Some of what wikipedia reports on her:
In the fall of 1814, Grand Duke Nicholas ...and his brother...Michael, visited Berlin. Arrangements were made between the two royal families for Nicholas to marry Princess Charlotte, and on the second visit the following year, Nicholas fell in love with the then seventeen year old Princess Charlotte. The feeling were mutual, "I like him and am sure of being happy with him." She wrote to her brother, "What we have in common is our inner life; let the world do as it pleases, in our hearts we have a world of our own." Hand in hand they wandered over the Postdam country side, and attended the Berlin Court Opera. By the end of his visit, Grand Duke Nicholas and Princess Charlotte were engaged. The wedding would not take place for another two years....On her birthday, July 13, 1817, she and Nicholas were married in the Chapel of the Winter Palace. "...I felt myself very, very happy when our hands joined..." she would later write about her wedding. "With complete confidence and trust, I gave my life into the hands of my Nicholas, and he never once betrayed it.
Weeks after the wedding, Alexandra was pregnant. On April 17, 1818 she gave birth to her first son, the future Alexander II, and the next year she had a daughter, Grand Duchess Maria...In 1820 Alexandra produced a stillborn daughter, her third pregnancy in three years, which brought on a deep depression. Her doctors advised a holiday, and in the autumn of 1820 Nicholas took her to see her family in Berlin, where they remained until the summer of 1821, returning again in the summer of 1824. They did not come back to St.
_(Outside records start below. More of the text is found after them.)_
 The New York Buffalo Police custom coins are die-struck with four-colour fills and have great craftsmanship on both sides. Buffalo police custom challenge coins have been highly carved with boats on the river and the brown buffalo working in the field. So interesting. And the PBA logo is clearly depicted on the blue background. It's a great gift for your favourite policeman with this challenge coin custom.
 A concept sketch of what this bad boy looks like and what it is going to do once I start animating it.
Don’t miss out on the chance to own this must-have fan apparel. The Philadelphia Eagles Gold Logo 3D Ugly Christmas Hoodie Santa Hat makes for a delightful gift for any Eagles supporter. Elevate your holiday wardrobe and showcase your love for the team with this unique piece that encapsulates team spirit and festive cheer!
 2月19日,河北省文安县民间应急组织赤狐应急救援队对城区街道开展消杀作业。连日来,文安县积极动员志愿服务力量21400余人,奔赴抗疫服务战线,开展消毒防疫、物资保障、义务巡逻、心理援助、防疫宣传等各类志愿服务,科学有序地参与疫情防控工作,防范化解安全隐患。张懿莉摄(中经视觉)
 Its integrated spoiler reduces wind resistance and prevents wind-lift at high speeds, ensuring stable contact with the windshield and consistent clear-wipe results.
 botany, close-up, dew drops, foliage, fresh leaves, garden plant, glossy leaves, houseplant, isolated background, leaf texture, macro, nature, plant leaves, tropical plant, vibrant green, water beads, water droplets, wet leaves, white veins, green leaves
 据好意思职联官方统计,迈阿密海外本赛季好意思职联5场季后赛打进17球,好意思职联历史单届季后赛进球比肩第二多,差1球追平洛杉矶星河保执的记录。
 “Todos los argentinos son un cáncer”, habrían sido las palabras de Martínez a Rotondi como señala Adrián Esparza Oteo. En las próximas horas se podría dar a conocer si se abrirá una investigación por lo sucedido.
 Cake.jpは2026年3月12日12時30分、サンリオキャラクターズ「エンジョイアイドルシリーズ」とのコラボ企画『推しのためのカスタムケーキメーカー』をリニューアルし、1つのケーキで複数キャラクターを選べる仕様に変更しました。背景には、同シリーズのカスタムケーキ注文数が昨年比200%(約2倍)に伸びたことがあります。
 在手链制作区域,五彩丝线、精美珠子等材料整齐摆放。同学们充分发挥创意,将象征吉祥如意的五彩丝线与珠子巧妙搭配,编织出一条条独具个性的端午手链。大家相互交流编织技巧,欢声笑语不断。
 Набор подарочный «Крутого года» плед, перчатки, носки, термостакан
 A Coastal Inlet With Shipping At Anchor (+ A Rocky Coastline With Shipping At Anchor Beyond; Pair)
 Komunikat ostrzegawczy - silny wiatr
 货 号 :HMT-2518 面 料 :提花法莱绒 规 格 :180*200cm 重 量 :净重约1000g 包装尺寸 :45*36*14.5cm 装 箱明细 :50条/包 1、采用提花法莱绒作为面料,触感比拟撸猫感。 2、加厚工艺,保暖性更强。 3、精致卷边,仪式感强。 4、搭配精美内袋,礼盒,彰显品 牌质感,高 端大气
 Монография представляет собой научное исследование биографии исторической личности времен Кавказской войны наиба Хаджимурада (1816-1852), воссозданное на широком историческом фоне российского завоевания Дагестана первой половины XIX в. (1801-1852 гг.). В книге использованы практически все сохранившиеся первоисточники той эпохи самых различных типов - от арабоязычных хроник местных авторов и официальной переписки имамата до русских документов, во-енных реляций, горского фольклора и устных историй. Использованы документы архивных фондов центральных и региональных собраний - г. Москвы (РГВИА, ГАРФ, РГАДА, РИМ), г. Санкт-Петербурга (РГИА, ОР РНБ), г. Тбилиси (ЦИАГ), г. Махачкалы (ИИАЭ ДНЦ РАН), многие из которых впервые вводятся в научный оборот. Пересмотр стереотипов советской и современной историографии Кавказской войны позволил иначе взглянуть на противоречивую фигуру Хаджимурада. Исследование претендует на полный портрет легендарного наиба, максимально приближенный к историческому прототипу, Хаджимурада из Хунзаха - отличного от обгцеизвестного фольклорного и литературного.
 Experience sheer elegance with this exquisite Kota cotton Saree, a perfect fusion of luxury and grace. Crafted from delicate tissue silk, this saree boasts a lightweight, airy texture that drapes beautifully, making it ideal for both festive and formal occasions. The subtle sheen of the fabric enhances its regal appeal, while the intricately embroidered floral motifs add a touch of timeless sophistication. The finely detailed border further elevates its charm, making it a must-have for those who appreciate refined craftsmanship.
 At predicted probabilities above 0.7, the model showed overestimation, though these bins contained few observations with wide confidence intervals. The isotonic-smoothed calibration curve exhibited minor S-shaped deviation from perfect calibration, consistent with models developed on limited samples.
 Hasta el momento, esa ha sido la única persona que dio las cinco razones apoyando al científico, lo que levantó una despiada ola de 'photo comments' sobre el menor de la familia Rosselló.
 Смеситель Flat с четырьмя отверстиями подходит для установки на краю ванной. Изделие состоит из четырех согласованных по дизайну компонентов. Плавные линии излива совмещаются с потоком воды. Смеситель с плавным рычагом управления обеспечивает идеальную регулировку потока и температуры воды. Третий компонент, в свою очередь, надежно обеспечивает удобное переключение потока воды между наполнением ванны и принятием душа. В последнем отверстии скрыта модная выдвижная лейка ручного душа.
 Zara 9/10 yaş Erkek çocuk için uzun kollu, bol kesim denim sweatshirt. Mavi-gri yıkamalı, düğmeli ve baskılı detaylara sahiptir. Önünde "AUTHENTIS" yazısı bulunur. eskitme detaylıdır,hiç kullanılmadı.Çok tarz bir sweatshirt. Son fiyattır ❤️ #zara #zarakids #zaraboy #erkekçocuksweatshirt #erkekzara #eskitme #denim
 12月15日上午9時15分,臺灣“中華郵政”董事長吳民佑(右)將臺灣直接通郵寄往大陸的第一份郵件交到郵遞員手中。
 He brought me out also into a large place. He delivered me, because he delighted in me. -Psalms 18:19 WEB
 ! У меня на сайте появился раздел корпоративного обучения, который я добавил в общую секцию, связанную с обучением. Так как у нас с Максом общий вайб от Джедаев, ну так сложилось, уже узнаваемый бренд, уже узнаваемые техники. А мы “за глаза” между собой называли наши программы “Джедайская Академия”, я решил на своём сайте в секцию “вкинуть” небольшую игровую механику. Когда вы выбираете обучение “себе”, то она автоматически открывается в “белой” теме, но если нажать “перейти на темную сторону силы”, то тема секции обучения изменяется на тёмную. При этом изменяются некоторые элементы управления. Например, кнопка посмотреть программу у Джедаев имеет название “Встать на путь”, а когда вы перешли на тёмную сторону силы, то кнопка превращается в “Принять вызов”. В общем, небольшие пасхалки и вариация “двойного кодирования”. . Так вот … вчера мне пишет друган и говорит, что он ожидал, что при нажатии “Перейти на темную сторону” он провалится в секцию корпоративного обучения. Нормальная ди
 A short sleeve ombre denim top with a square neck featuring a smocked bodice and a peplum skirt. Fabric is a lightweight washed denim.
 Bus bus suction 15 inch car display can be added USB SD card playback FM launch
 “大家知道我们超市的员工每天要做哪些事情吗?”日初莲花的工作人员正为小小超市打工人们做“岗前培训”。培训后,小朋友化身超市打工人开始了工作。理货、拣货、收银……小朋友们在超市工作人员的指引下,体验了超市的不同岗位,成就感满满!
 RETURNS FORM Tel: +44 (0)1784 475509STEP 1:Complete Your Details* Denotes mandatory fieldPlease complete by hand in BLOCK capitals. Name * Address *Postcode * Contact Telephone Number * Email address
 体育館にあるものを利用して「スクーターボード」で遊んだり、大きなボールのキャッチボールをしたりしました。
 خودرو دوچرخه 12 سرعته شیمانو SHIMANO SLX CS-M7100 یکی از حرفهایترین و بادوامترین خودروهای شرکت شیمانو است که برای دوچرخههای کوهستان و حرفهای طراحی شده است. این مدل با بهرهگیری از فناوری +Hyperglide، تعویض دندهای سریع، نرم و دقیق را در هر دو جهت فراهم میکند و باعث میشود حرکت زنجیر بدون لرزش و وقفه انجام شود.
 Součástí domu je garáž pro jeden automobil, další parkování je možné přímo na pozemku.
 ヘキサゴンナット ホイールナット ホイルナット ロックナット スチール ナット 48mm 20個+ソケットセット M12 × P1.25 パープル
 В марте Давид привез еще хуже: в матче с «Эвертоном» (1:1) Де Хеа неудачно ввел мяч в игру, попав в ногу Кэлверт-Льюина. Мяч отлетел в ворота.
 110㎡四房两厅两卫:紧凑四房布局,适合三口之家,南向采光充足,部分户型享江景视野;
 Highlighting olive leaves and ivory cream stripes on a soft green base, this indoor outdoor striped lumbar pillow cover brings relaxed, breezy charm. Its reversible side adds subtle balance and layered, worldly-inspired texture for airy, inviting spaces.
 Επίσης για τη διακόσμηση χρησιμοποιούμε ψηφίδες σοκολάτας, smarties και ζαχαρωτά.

Petersburg until March of 1825 when Alexander I required their presence in Russia....spent her first years in Russia trying to learn the language and customs of her adopted country under the tutelage of the poet Vasily Zhukovsky, whom she characterized as being "too much of a poet to be a good tutor." The Imperial family spoke German and wrote their letters in French, and as a consequence, Alexandra never completely mastered the Russian language. Nicholas and Alexandra were private people who found great pleasure in each other’s company. She wrote in her memoirs of her first years in Russia, "We both were truly happy only when we found ourselves alone in our apartments with me sitting on his knees while he was loving and tender.
Alexandra was tall, slender with a small head of refine features. Her blue eyes were set deep in her head. She had an air of regal majesty. Her quick, light walk was graceful. She was frail, often in poor health. Her voice was hoarse, but she spoke rapidly and with decision.
....was an avid reader and enjoyed music. She was kind and liked privacy and simplicity. She dressed elegantly, with a decided preference for light colors, and collected beautiful jewels. Neither arrogant nor frivolous, Alexandra was not without intelligence and had an excellent memory; her reading was quite extensive; her judgment of men sure, slightly ironical. However, her interests were mostly shallow. She loved to dance and the fantastic world of the Palaces and court balls filled her horizon. She did not worry about knowing the real problems of the Russian people that demanded from its Empress the energy to take care of the needed and the sick.
By 1832 the Nicholas and Alexandra had seven children ...Nicholas I never wavered in his love for his wife, whom he nicknamed “Mouffy”. In 1837, when much of the Winter Palace was destroyed by fire, Nicholas reportedly told an aide-de-camp "Let everything else burn up, only just save for me the small case of letters in my study which my wife wrote to me when she was my betrothed.